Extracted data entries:
▼▼▼

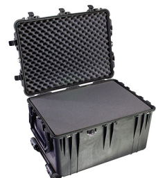
1660WF With Foam
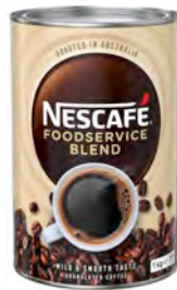
Nescafe Granulated Food Service
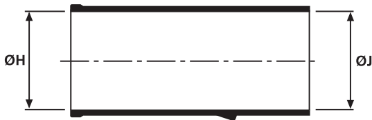
a: Expanded form (supplied)
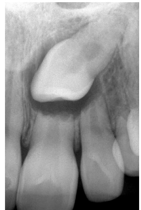
Figure 10b. This radiograph reveals massive root resorption associated with the maxillary incisors possibly caused by the erupting and mesially inclined canine.
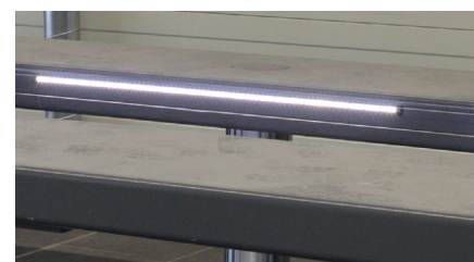
LED lighting set
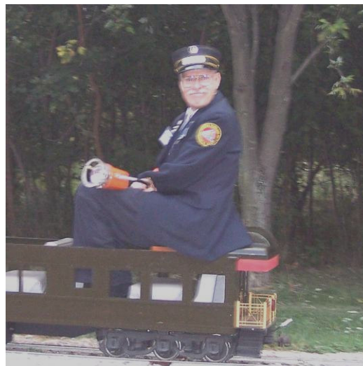
Tim Allen sports his new mustache. Really, it's where they usually are.
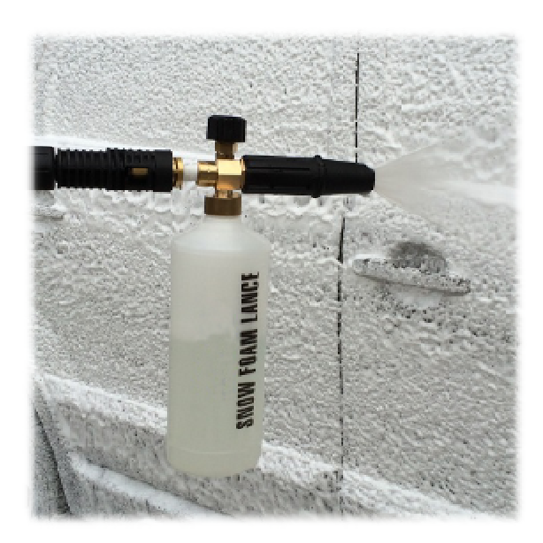
BT-7001 Foam Lance
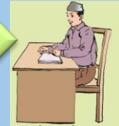
form checking voter authentication

→ Voter attends registration centre at nominated time
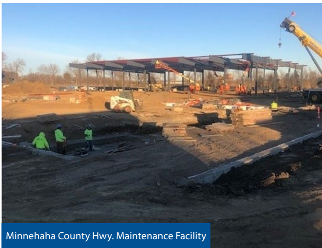
Minnehaha County Hwy. Maintenance Facility
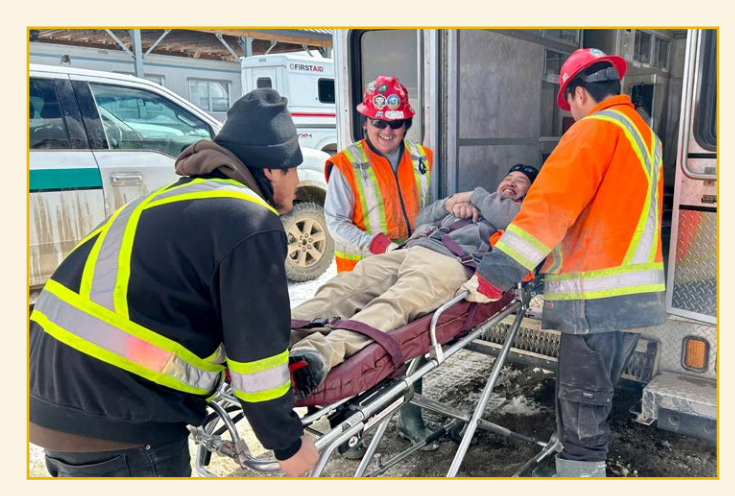
Blackwater Mine team members practising their skills

We recently held an Emergency Response Training (ERT) session which focussed on ambulance skills - loading/unloading a patient onto a stretcher, transferring a patient to a backboard, loading a patient into an ambulance and working with the ambulance's medical supplies. The group appreciated the team-building opportunity and the chance to reinforce their mine rescue skills.
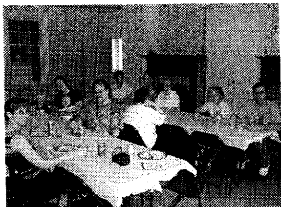
Enjoying lunch in the Receiving Room .
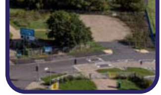
SECURE GATED ENTRANCE
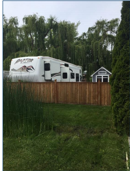
Figure 1 - View of Site #15A from Green bay Road

The applicant has provided a letter ( Attachment 2 ) which summarizes their rationale for the extended renewal period. The applicant states that the tenants who occupy the RV on site #15A maintain the site in a tidy appearance, are quiet and help the neighbours. The applicant feels that due to the Provincial State of Emergency due to COVID-19, that they are unable to evict the RV tenants. The applicant has also provided rationale that the demand for alternative housing will have increased due to the pandemic and that two years could be how long it takes for things to return to normal.
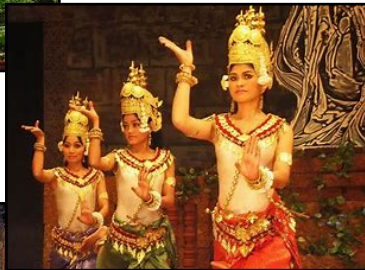
Apsara Dance Show
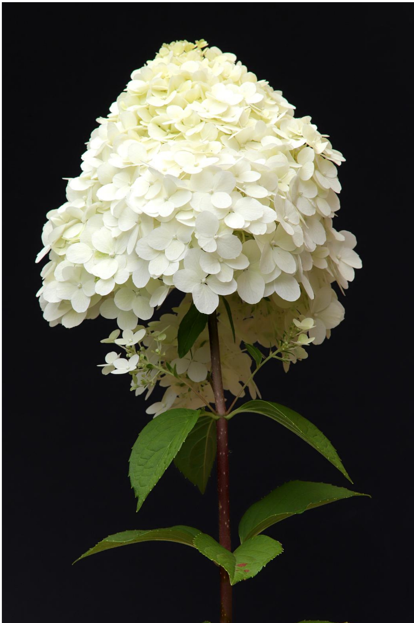
Hydrangea paniculata 'Diamantino' Acc: 1292
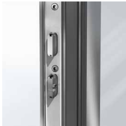
Schueco SafeMatic lock offers convenience and security
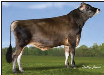
VERJATIN WESTSTAR-ET Brother to Dam of Lot 17
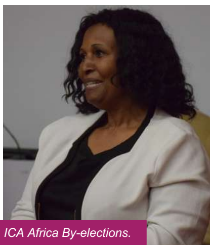
ICA Africa By-elections.

ICA Africa held a by-election during its members' forum held on the 11 th October, 2019 in Rwanda. There were seven vacant positions – one position for the women representative to the regional board, one position for the member at large for the regional board and five positions for trustee members.
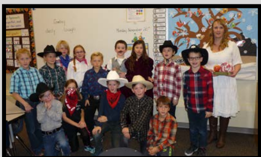
Celebrating the Wild, Wild West!

Millarville Community School 130 Millarville Road 403-938-7832 http://millarville.fsd38.ab.ca

▲▲▲

YOUR GOAL — Repeat, word for word and with no pictures, only the lines running from the beginning of the data to the line that contains "form checking voter authentication".

RESULT OF THE EXERCISE —
1660WF With Foam
Nescafe Granulated Food Service
a: Expanded form (supplied)
Figure 10b. This radiograph reveals massive root resorption associated with the maxillary incisors possibly caused by the erupting and mesially inclined canine.
LED lighting set
Tim Allen sports his new mustache. Really, it's where they usually are.
BT-7001 Foam Lance
form checking voter authentication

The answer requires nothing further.